After reading through User Defined Types in Cassandra, can I use UserDefinedType as value which essentially leverage as One Key and multiple values! Otherwise, Use it as normal column level without UserDefinedType! One idea is to use the same model for different applications across systems where it would be simple logging/activity data can be pushed to the same, since the key varies from application to application and within application each entity will be unique!
No application/business function to access this data without Key, or in simple terms no requirement to get data randomly!
References: http://www.ebaytechblog.com/2012/07/16/cassandra-data-modeling-best-practices-part-1/
Let me explain the cassandra data model a bit (or at least, a part of it). You create tables like so:
create table event(
id uuid,
timestamp timeuuid,
some_column text,
some_column2 list<text>,
some_column3 map<text, text>,
some_column4 map<text, text>,
primary key (id, timestamp .... );
Note the primary key. There's multiple columns specified. The first column is the partition key. All "rows" in a partition are stored together. Inside a partition, data is ordered by the second, then third, then fourth... keys in the primary key. These are called clustering keys. To query, you almost always hit a partition (by specifying equality in the where clause). Any further filters in your query are then done on the selected partition. If you don't specify a partition key, you make a cluster wide query, which may be slow or most likely, time out. After hitting the partition, you can filter with matches on subsequent keys in order, with a range query on the last clustering key specified in your query.

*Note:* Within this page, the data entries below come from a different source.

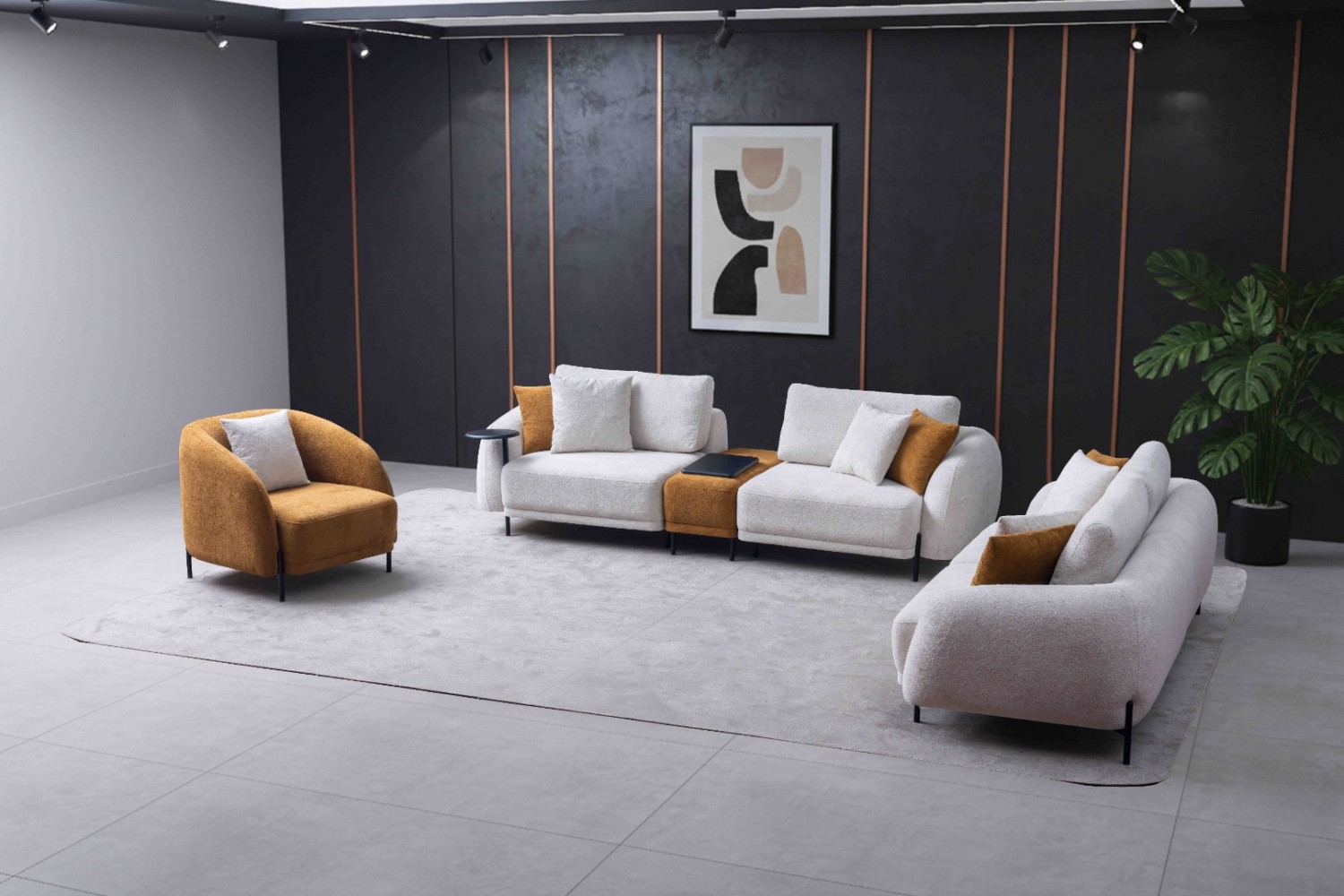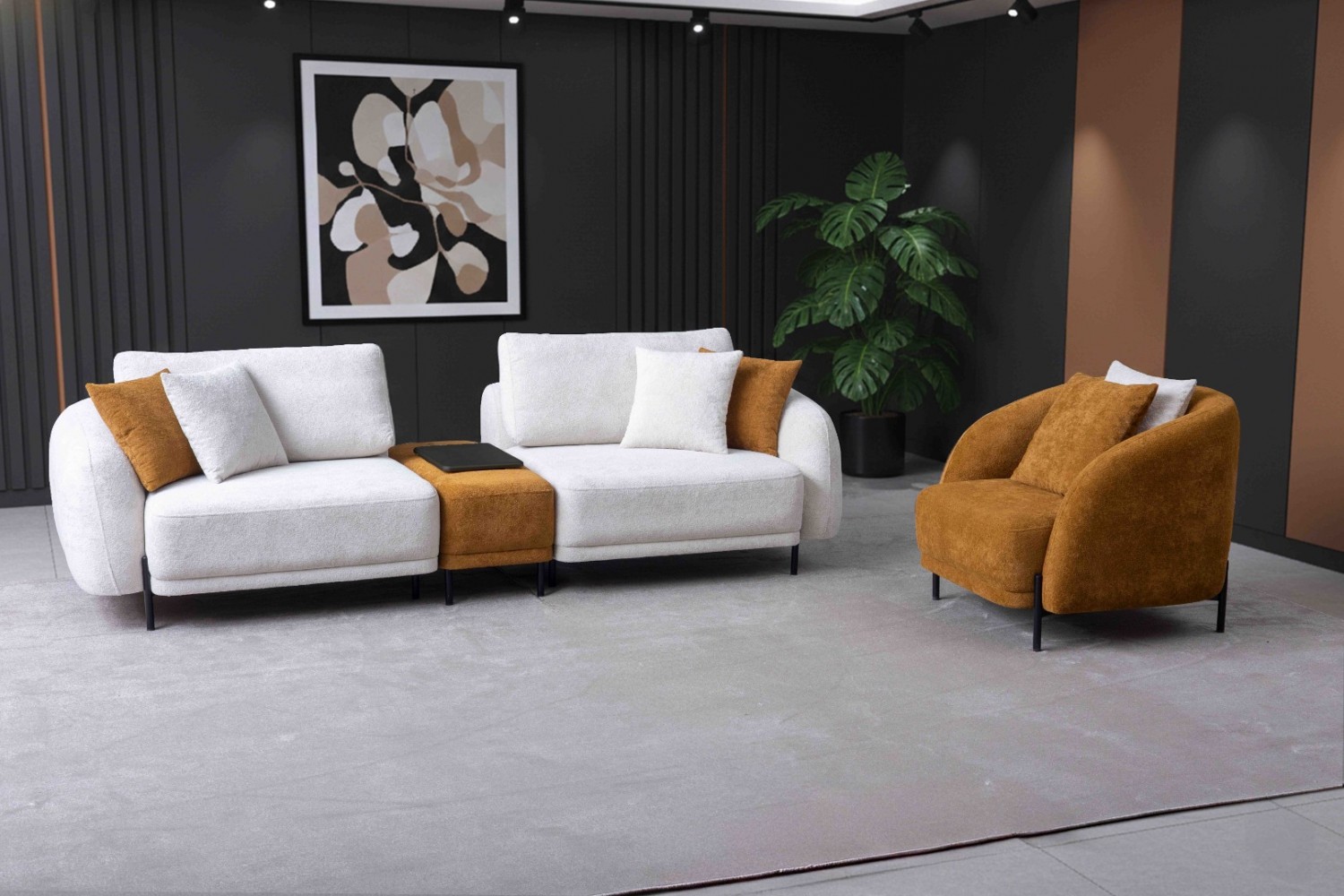 | Takım İçeriği | 2 adet Üçlü ve 1 adet Berjer'den oluşmaktadır. (4+3+1). Ara Modül ölçüleri: Genişlik, 42 vm, Derinlik 105 cm, Yükseklik 42 cm |
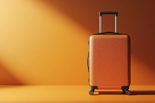 a fashionable orange suitcase on wheels isolated on white representing the concept of travel
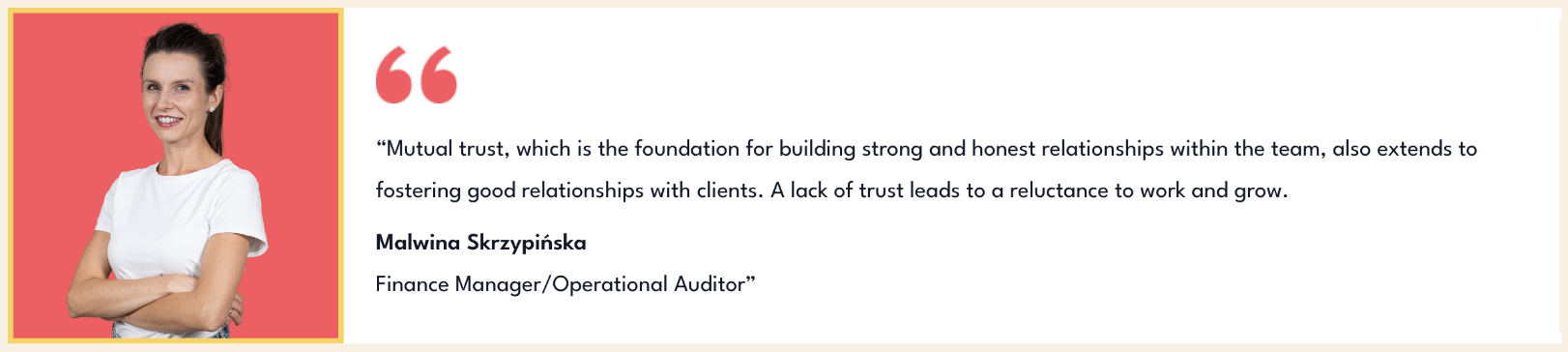 You cannot develop your skills without the support of others, who encourage you to reach new heights, new projects. That’s why the ability to delegate responsibility is incredibly important to us. But for that to happen in a team, there must be trust, and we trust each other from the start. Thanks to this, we can develop and take on new challenges.
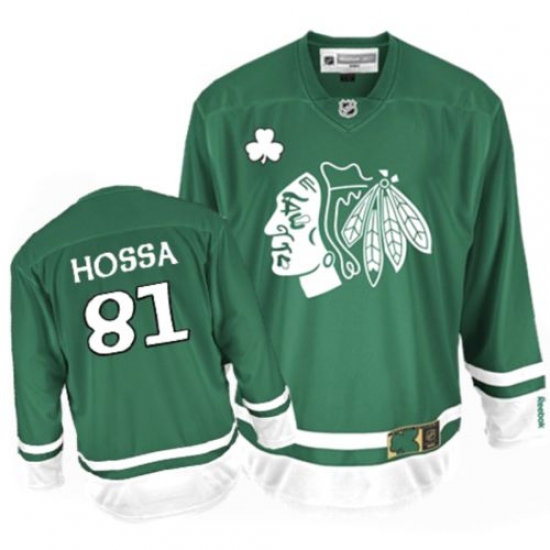 Men's Reebok Chicago Blackhawks #81 Marian Hossa Premier Green St Patty's Day NHL Jersey
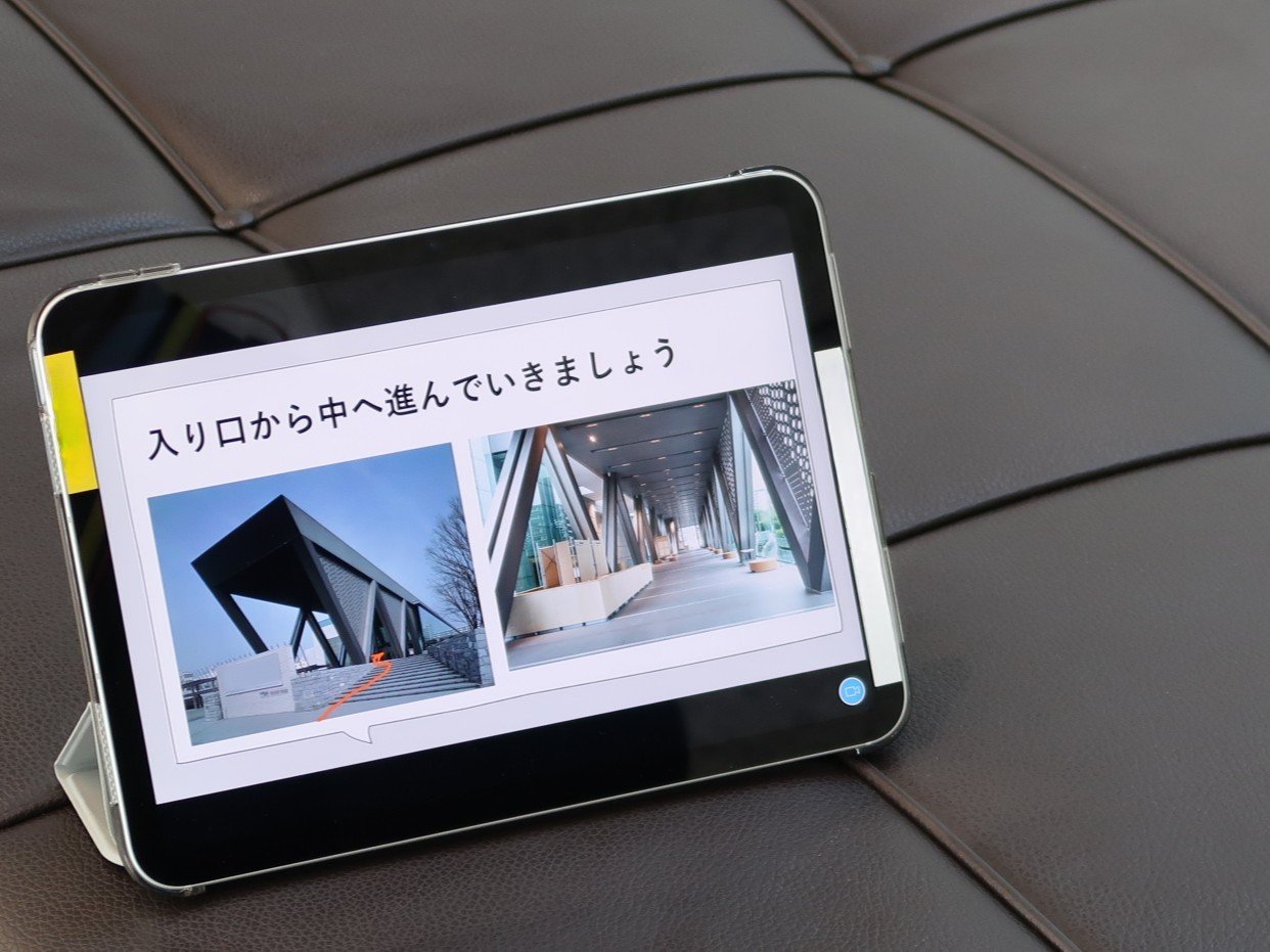 今回の授業は、小学2年生から中学1年生までの4名が参加してくれました。授業が始まり、作品が展示されているコレクション展示室に向かうため、さっそく館内を進んでいきます。その際、実際に美術館に遊びに来ているような感覚を味わってもらえるように、展示室までの道のりをスライドを使って簡単にご紹介しました。その中で「エントランスから続く長い廊下はどのくらいの長さでしょうか?」「館内にあるレストランで食べられるのはどっち?」などのクイズが美術館スタッフから出題され、子どもたちは、事前に用意されたA/Bカードを各々のカメラに映して答えてくれました。
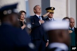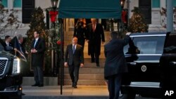 تصویری از خروج پرزیدنت ترامپ و بانوی اول از اقامتگاه جورج بوش و همسرش لارا در واشنگتن دی سی. رئیس جمهوری آمریکا و همسرش یک روز پیش از مراسم رسمی یادبود جورج بوش پدر با جورج دبلیو بوش و همسرش دیدار کردند.
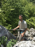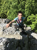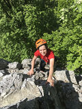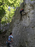 Nachmittags starteten wir dann an den „echten Fels“. Unser Ziel war der Naturparkfels, der mit vielen leichten bis mittelschweren Routen und einer guten Felsqualität auf uns wartete. Nachdem wir uns eine Weile im Toprope eingeklettert hatten, tasteten wir uns an unseren ersten Vorstiegsversuch heran. Ziel war das Einüben der morgens erlernten Technik.
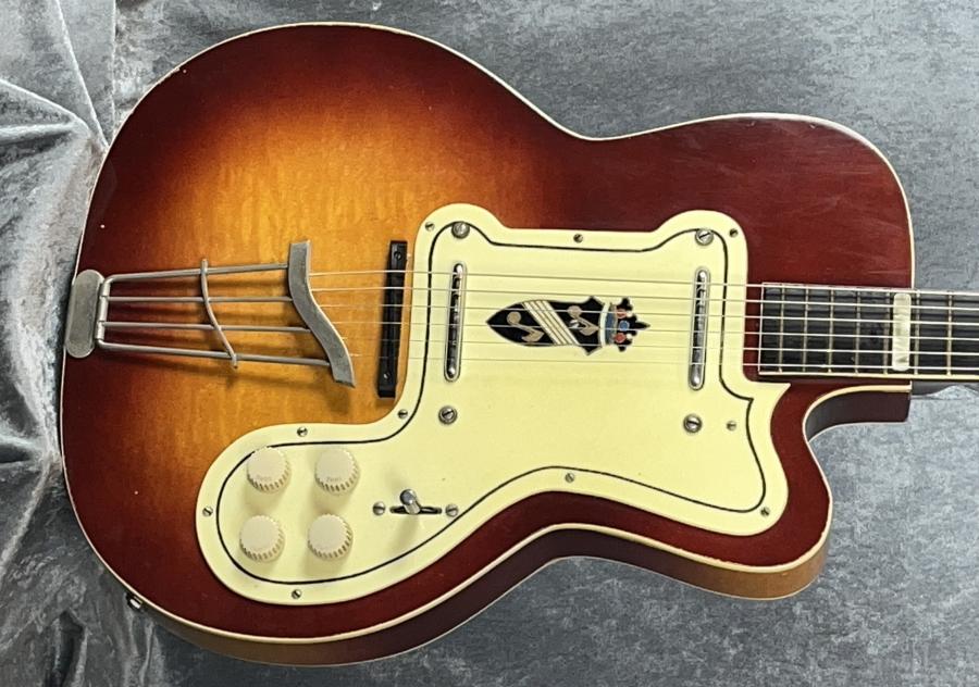 Sunburst, semi-hollow body, electric guitar. Finish is very good and original, laminated maple body, maple neck with rosewood fingerboard. These are fabulous rare guitars and this is in superb condition for its age. The guitar is all original and it plays incredibly with low action all the way up the neck.
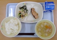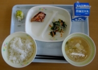 ごはん 牛乳 サケのねぎみそ焼き わかめとツナの和え物 いも団子汁

Anyway, that's all about querying.
In terms of structure, you have a few column types. Some primitives like text, int, etc., but also three collections - sets, lists and maps. Yes, maps. UDTs are typically more useful when used in collections. e.g. A Person may have a map of addresses: map. You would typically store info in columns if you needed to query on it, or index on it, or you know each row will have those columns. You're also free to use a map column which would let you store "arbitrary" key-value data; which is what it seems you're looking to do.
One thing to watch out for... your primary key is unique per records. If you do another insert with the same pk, you won't get an error, it'll simply overwrite the existing data. Everything in cassandra is an upsert. And you won't be able to change the value of any column that's in the primary key for any row.
You mentioned querying is not a factor. However, if you do find yourself needing to do aggregations, you should check out Apache Spark, which works very well with Cassandra (and also supports relational data sources....so you should be able to aggregate data across mysql and cassandra for analytics).
Lastly, if your data is time series log data, cassandra is a very very good choice.